If you decide to hire a professional photographer to collect imagery of your business, note that Google does not employ any photographers or agencies and we cannot guarantee the quality of their services — so exercise good judgement.
- If a dispute arises from the collection of imagery, you will need to resolve it with the photographer or agency according to the terms of your contract with them. Google does not mediate third-party disputes.
- While Google does not employ photographers or agencies, we do allow contributors to gain the trusted badge.

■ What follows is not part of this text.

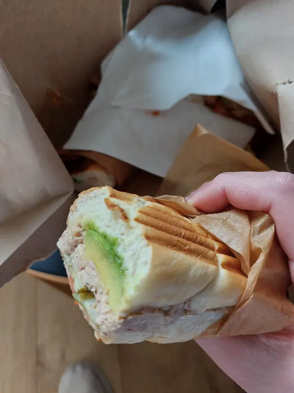 고민 끝에 아나 씨가 추천해 준 터키 파스트라미 믹스 샌드위치를 주문했습니다. 찰라 빵에 신선한 야채와 터키 파스트라미가 푸짐하게 들어간 샌드위치는 보기만 해도 군침이 돌았습니다.
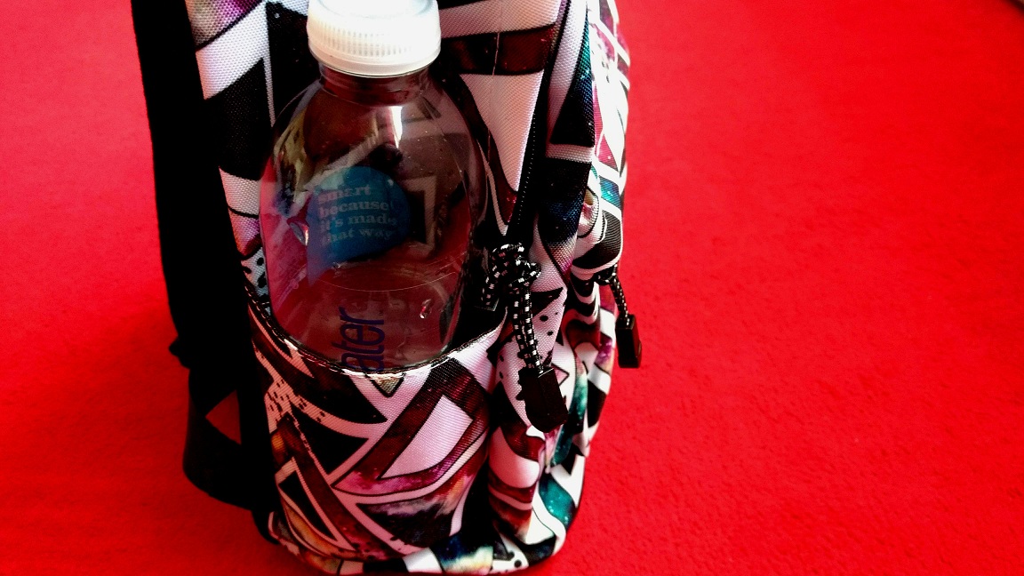 This is a bright and cheerful looking canvas backpack which is ideal for young students for school or college. This backpack has a large zip on the top which when unzipped gives access to it's spacious main compartment with a secured pocket capable of holding a tablet of up to 14 inches.There is also a smaller zipped front pocket which can hold bits and pieces and two side pockets which could be used to hold a water bottle, small umbrella etc.

This certification highlights photographers and agencies who have met our quality guidelines across at least fifty published 360 photos, evidencing their capture and publishing proficiency.
Connecting Businesses with Photographers/Agencies
Google may provide trusted photographers and agencies with contact information for a business if the business has requested a professional photo shoot.

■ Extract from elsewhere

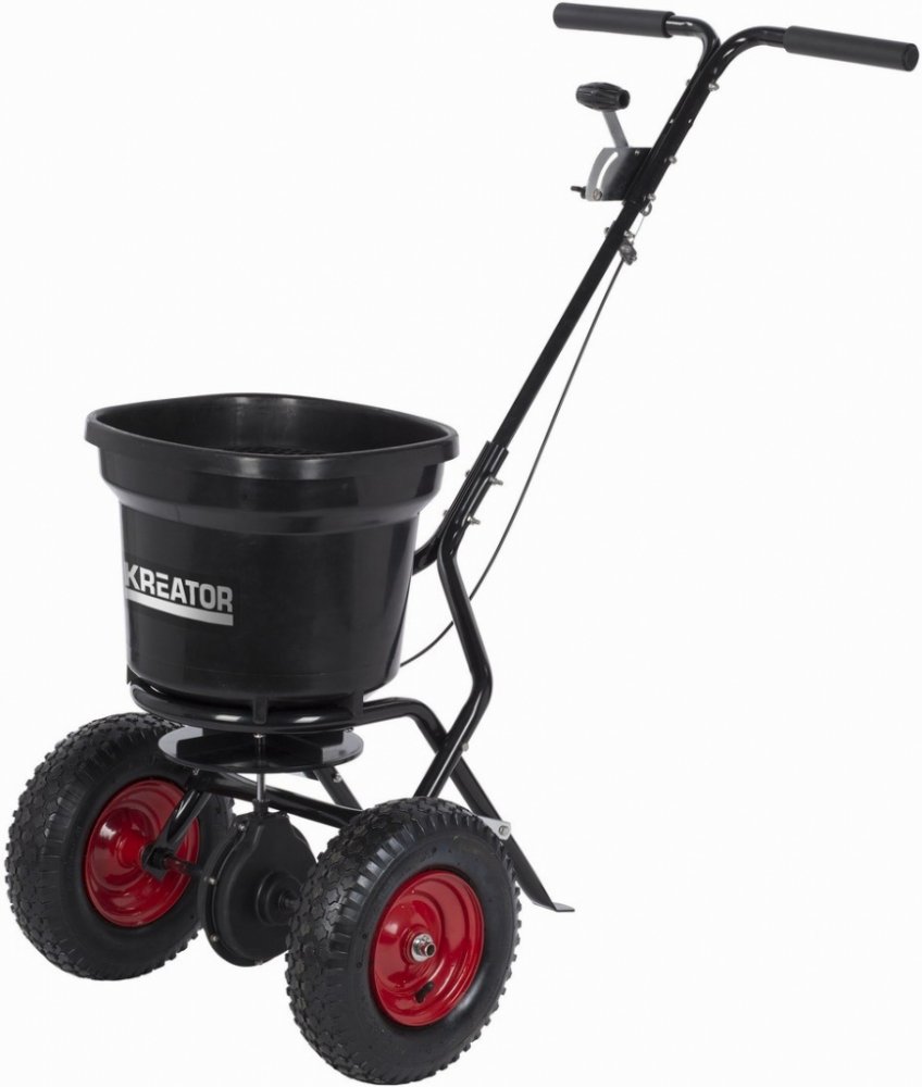 Zahradní rozmetadlo Kreator KRTGR9005 využijete při hnojení a setí záhonů a trávníků a v zimě solení chodníků a cest před domem. Nenoste v ruce těžký pytel nebo kýbl se semínky či solí a nasypte vše potřebné do nádoby rozmetadla s kapacitou až 23 kg. Pořiďte si praktického a všestranného pomocníka pro vaši zahradu.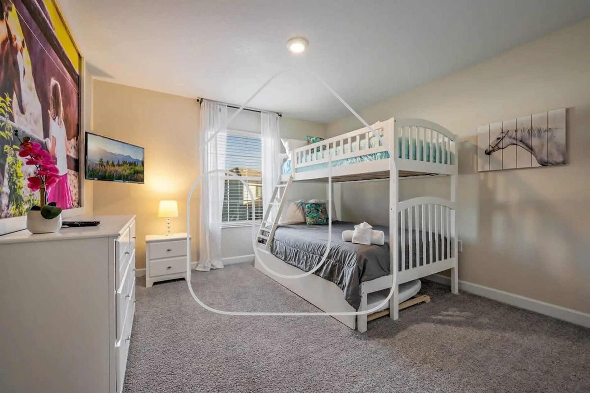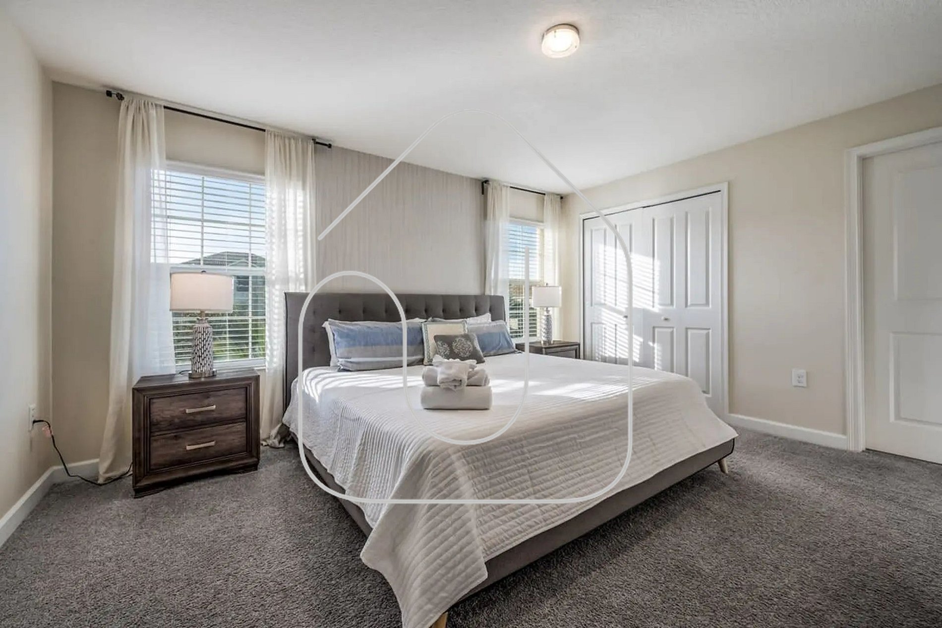 Indulge in the charm of this modern 4-bedroom, 3-bath townhome at Champions Gate Resort, accommodating up to 11 guests. Perfect for families, it features spacious living areas, a fully equipped kitchen, and themed bedrooms for kids. Relax in your private pool or explore resort amenities including pools, lazy river, waterslides, fitness center, golf course, and more. Ideally located just 20 minutes from Disney and close to Universal, SeaWorld, dining, and shopping.

- Trusted pros are independent parties who must not misrepresent their affiliations with Google.
- Google wants to enable businesses and photographers/agencies to enter into positive business relationships. In some circumstances, we will share business opportunities with all trusted pros. In other cases, we will share business opportunities with a more limited set of trusted pros.

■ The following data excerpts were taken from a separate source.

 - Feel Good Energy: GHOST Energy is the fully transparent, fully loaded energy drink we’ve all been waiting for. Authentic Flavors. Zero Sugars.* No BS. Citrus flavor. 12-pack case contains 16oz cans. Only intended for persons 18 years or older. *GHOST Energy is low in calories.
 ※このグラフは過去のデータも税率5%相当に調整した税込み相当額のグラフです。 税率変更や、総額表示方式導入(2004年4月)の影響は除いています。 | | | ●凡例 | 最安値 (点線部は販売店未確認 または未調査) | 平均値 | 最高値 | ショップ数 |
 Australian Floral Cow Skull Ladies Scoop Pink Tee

Verified businesses can update many of their listing detail as they appear in Google Maps and other Google properties. Trusted photographers and agencies may support their clients by helping verify listings through Google My Business.
- If no business listing exists and a business is located in a country where Google My Business is supported, trusted photographers and agencies can support business owners in creating and verifying their business listings.
While you might not be a member of the Trusted program, some of the below guidelines may still be relevant to you. If you are interested to join the Trusted program, read What it takes to be trusted to learn about the requirements.
Only companies that have earned trusted status can use the Google Maps Street View brand and trusted badge as marketing assets. If you’re a trusted pro, we invite you to leverage them to celebrate your distinguished status. Trusted pros can use the Trusted badge, word mark, and branding elements, including Google Maps and Street View, or any other related logos. Below are some things you can and can’t do with them. If you believe someone is violating Google’s permitted uses of our brand assets, you can report these inappropriate uses.
Things You Can Do
- Only use the trusted badge and branding elements if you’re a certified member of the program.
- Offer professional 360 photos as one of your business services.
- Only show the trusted badge against a white background with enough padding, no matter where you display it.
- Only use the trusted badge in combination with your name or company name and logo.
- Use the trusted badge and branding elements in a website, presentation, business apparel, and printed sales materials. Make sure that the badge and branding elements aren’t the most prominent elements on the page/clothing.
- When displaying graphics on the roof of a vehicle, you may only use your own brand and logo. If you wish to brand the nadir/zenith, or use the trusted badge on other parts of a vehicle, follow the guidelines below.
Things You Can’t Do
- Don’t misrepresent or hide that you’re part of the trusted program when you’re interacting with businesses.
- Don’t bundle any services you offer for hire (such as marketing yourself as a Street View trusted provider) with your Local Guide membership. For tips on how to continue to sell photography services while participating in Local guides, follow the post on Local Guides Connect.
- Don’t change any of the Google Maps, Street View, or trusted badge, logos or wordmarks, including adding any graphics, stretching the images, or translating them.
- Don’t use the badge in a misleading or abusive way. For example, using the badge in a way that suggests a Google endorsement for any product or service.
- Don’t use Google, Google Maps, Street View, trusted badge, or any other Google trademark — or its likeness — in a domain name.
- Don’t use the branding elements in any way other than those specified in the guidelines.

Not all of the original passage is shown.